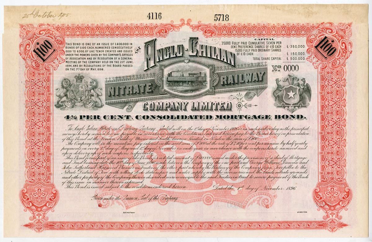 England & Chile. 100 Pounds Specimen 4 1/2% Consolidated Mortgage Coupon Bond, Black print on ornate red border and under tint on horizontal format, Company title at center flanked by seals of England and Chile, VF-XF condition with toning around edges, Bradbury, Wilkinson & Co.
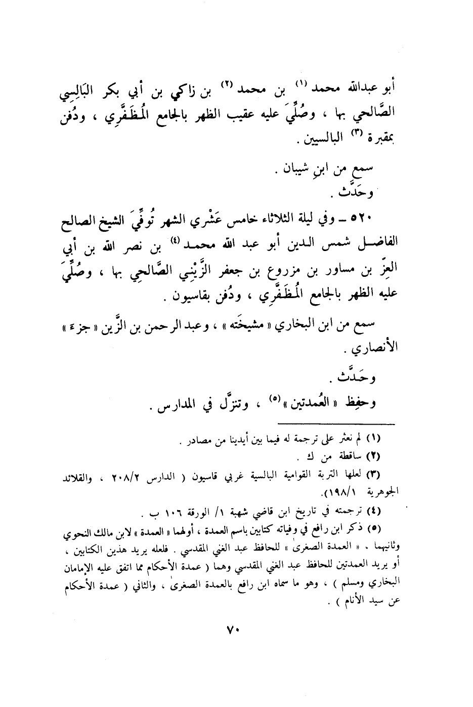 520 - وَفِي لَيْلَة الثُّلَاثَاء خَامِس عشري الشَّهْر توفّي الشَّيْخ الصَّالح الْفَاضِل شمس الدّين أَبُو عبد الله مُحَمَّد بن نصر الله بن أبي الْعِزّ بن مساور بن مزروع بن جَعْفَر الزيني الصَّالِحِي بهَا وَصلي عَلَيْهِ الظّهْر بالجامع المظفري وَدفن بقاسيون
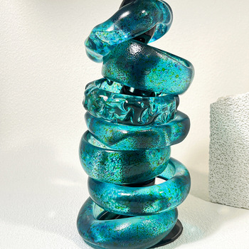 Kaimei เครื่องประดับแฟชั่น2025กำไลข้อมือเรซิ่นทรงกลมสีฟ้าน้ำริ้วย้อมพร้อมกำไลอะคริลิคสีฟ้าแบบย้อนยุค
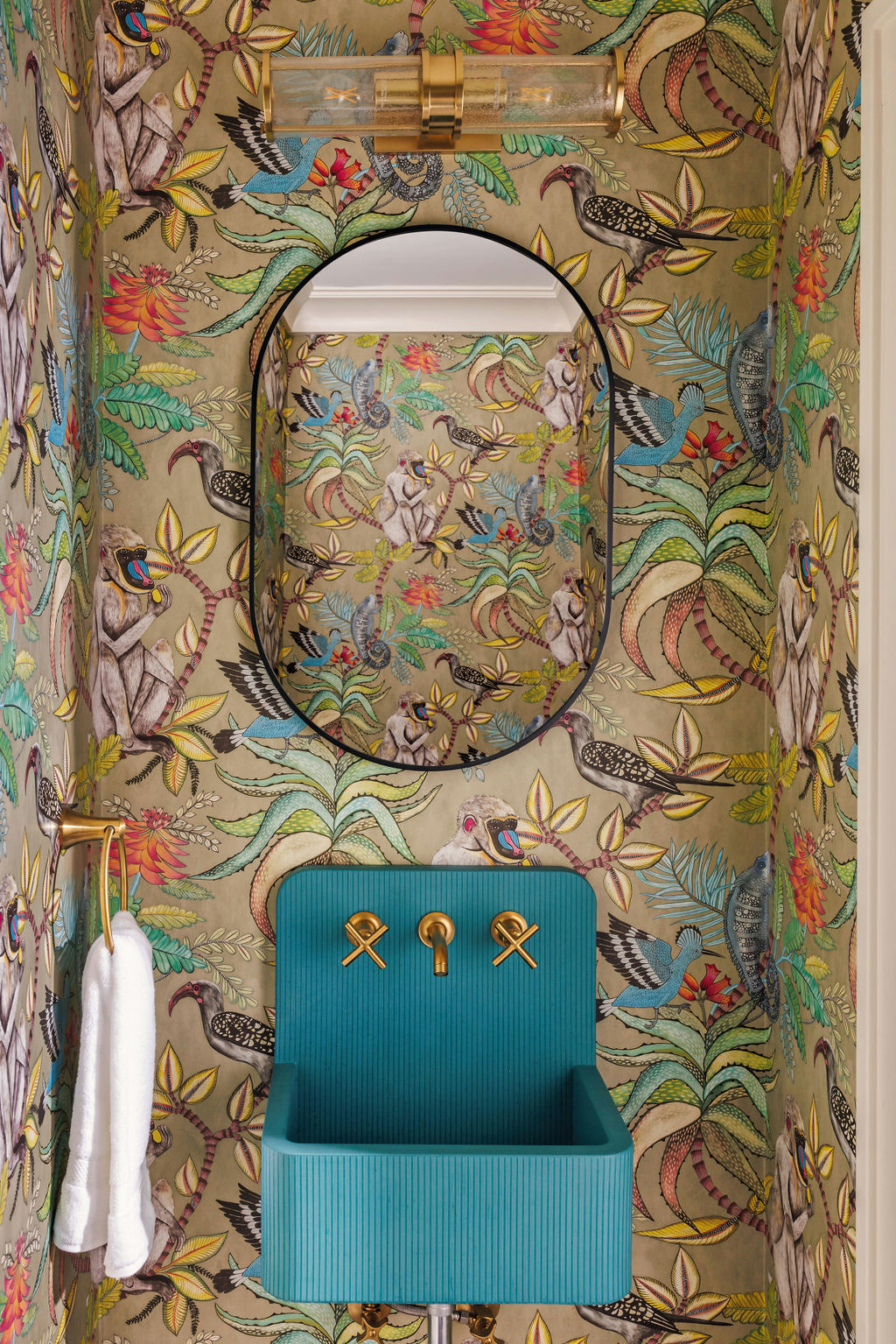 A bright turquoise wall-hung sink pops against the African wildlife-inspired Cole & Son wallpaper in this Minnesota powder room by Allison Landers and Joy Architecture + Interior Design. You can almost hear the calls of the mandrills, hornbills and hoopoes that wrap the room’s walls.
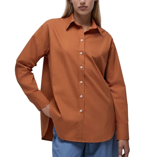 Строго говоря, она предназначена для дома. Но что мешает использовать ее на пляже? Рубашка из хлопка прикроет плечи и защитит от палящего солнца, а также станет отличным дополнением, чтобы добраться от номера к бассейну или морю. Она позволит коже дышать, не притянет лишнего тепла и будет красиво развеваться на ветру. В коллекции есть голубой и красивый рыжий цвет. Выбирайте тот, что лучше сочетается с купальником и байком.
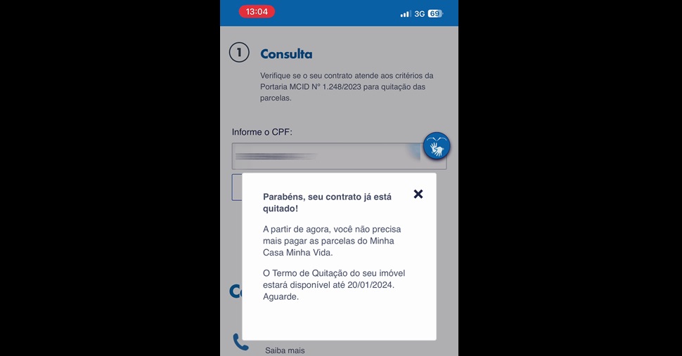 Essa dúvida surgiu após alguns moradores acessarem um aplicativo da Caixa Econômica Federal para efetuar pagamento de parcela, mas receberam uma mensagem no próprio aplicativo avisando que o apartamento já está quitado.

^^^^

◆ **Task to carry out**:
Line by line, retype the records above exactly, minus the images.

◆ **Response to the task**:
 England & Chile. 100 Pounds Specimen 4 1/2% Consolidated Mortgage Coupon Bond, Black print on ornate red border and under tint on horizontal format, Company title at center flanked by seals of England and Chile, VF-XF condition with toning around edges, Bradbury, Wilkinson & Co.
 520 - وَفِي لَيْلَة الثُّلَاثَاء خَامِس عشري الشَّهْر توفّي الشَّيْخ الصَّالح الْفَاضِل شمس الدّين أَبُو عبد الله مُحَمَّد بن نصر الله بن أبي الْعِزّ بن مساور بن مزروع بن جَعْفَر الزيني الصَّالِحِي بهَا وَصلي عَلَيْهِ الظّهْر بالجامع المظفري وَدفن بقاسيون
 Kaimei เครื่องประดับแฟชั่น2025กำไลข้อมือเรซิ่นทรงกลมสีฟ้าน้ำริ้วย้อมพร้อมกำไลอะคริลิคสีฟ้าแบบย้อนยุค
 A bright turquoise wall-hung sink pops against the African wildlife-inspired Cole & Son wallpaper in this Minnesota powder room by Allison Landers and Joy Architecture + Interior Design. You can almost hear the calls of the mandrills, hornbills and hoopoes that wrap the room’s walls.
 Строго говоря, она предназначена для дома. Но что мешает использовать ее на пляже? Рубашка из хлопка прикроет плечи и защитит от палящего солнца, а также станет отличным дополнением, чтобы добраться от номера к бассейну или морю. Она позволит коже дышать, не притянет лишнего тепла и будет красиво развеваться на ветру. В коллекции есть голубой и красивый рыжий цвет. Выбирайте тот, что лучше сочетается с купальником и байком.
 Essa dúvida surgiu após alguns moradores acessarem um aplicativo da Caixa Econômica Federal para efetuar pagamento de parcela, mas receberam uma mensagem no próprio aplicativo avisando que o apartamento já está quitado.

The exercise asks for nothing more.